Ballard also produced, directed and composed the music for the nation's first all-Indian halftime show at Robert
F. Kennedy Stadium in Washington, DC. Ballard was honored as the first American composer to present a
concert of his music in the new Beethoven-House Chamber Music Hall adjoining Beethoven's birthplace in Bonn,
Germany. As well, Ballard has been honored with grants from the Rockefeller Foundation, Ford Foundation and
National Endowment for the Arts. A Lifetime Musical Achievement Award was presented to Louis W. Ballard from
the First Americans in the Arts, February 1997, in Beverly Hills, CA.

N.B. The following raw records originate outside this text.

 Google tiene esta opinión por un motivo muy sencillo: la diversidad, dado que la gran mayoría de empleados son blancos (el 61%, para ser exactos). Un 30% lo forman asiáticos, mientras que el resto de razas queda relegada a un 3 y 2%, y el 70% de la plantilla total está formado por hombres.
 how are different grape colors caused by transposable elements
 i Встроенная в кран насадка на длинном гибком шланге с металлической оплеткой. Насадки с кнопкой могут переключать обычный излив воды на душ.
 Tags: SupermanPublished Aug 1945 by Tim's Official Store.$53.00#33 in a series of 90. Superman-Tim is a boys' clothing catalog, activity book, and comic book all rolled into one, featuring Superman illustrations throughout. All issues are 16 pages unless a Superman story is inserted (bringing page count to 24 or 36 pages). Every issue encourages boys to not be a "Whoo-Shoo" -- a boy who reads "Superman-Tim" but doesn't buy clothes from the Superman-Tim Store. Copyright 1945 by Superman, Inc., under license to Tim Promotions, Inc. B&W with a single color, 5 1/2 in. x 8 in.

Naomi Lang, Karuk, is an ice dancer and the first American Indian athlete to participate in the Olympic Winter
Games. Born in 1978, she studied ballet from the age of 3 years. She both danced and skated after the age of 8,
and then concentrated on ice dancing exclusively from the age of 15. After winning titles with another partner in
both 1995 and 1996, she began skating with Russian ice dancer Peter Tchernyshev in 1996. They won the U.S.

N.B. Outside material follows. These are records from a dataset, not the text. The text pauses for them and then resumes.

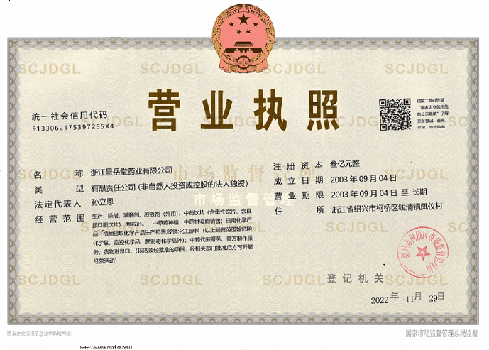 景岳堂藥業(yè)營(yíng)業(yè)執(zhí)照(正本):
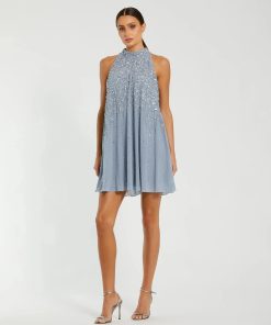 Mac Duggal Women’s Dresses Blue High Neck Sleeveless Sequin Embellished Trapeze Dress | Powder Blue
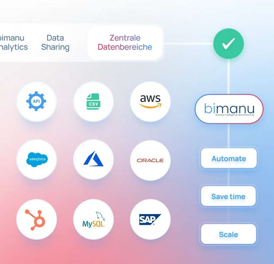 bimanu Cloud verfügt über mehr als 50 vorkonfigurierte Konnektoren für ERP‑, CRM‑ und IoT‑Systeme. Diese verbinden Ihre Datenquellen, synchronisieren sie in Echtzeit und sorgen durch Fehlerbehandlung und Monitoring für eine hohe Datenqualität.
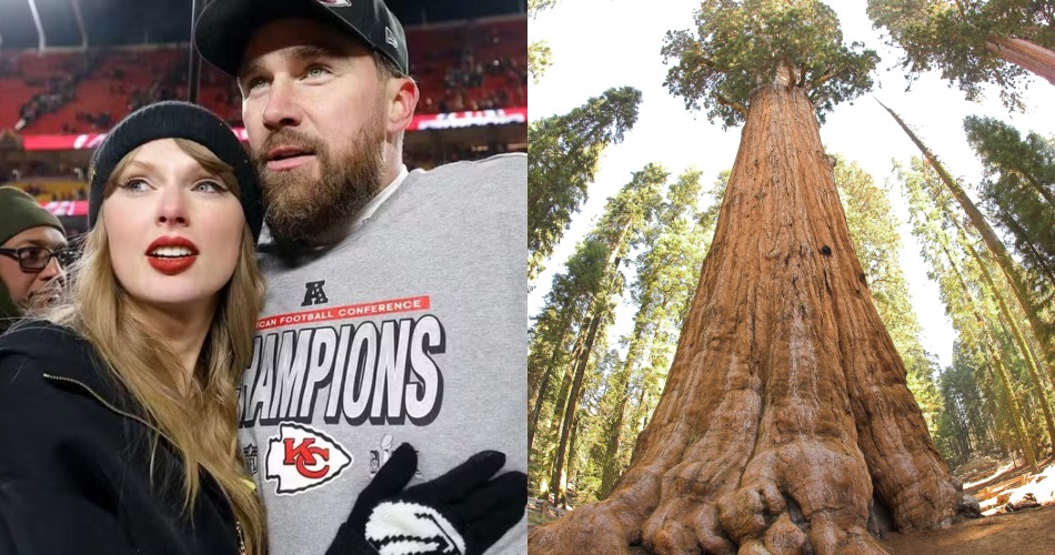 O casal Taylor Swift e Travis Kelce e a direita uma Sequoia que normalmente tem 50 a 85 metros de altura. Foto: Reprodução/GettyImages/Unipampa

Championships for five years, starting in 1999, and placed 11th at the 2003 Olympics. The team still skates in ice
shows, but were forced to retire because of a repeated injury to Lang’s Achilles’ tendon.
Born in 1879 on a large ranch on the Cherokee Nation in Oklahoma, Will Rogers was taught by a freed slave how
to use a lasso. His special skill – throwing three ropes at once – got him into the Guinness Book of World
Records. While performing rope tricks with vaudeville and wild west shows, he started telling jokes. Soon his
wise-cracks and folksy observations were this hits of the shows. Will Rogers was the star of 71 movies, as well
as the author of 4,000 syndicated newspaper columns and six books. His son Will was a Congressman, his
daughter Mary a Broadway actress and his son Jim a cattle rancher. Will Rogers was killed in a plane crash in
1935.
Jim Thorpe, (1887-1953), Potawatomi, was born in a one-room cabin in Oklahoma and earned the epithet “the
greatest athlete in the world.” His career began at the Carlisle Industrial Indian School in Pennsylvania where he
excelled in football and track. Thorpe is one of the two men in history who played for the New York Giants in two
different sports: football and baseball. He played professionally until he retired, at the age of 41, in 1928. He was
the first president of the National Football League. At the 1912 Olympic Games, Thorpe won gold medals in
decathlon and pentathlon. Oklahoma state officials refused him burial, so he was buried in Pennsylvania in the
town that now bears his name.
Indian gaming facitities generated $17.12 billion in income in 2003; by 2005, gaming revenues grew to $22.64
billion. During the same period, non-gaming revenues grew from $1.8 billion to $2.2 billion.
George Blue Spruce, Laguna/Okay Owingeh, is the first American dentist. He started his own practice in 1958.
Now retired, he is currently on the Board of Trustees of the Heard Museum.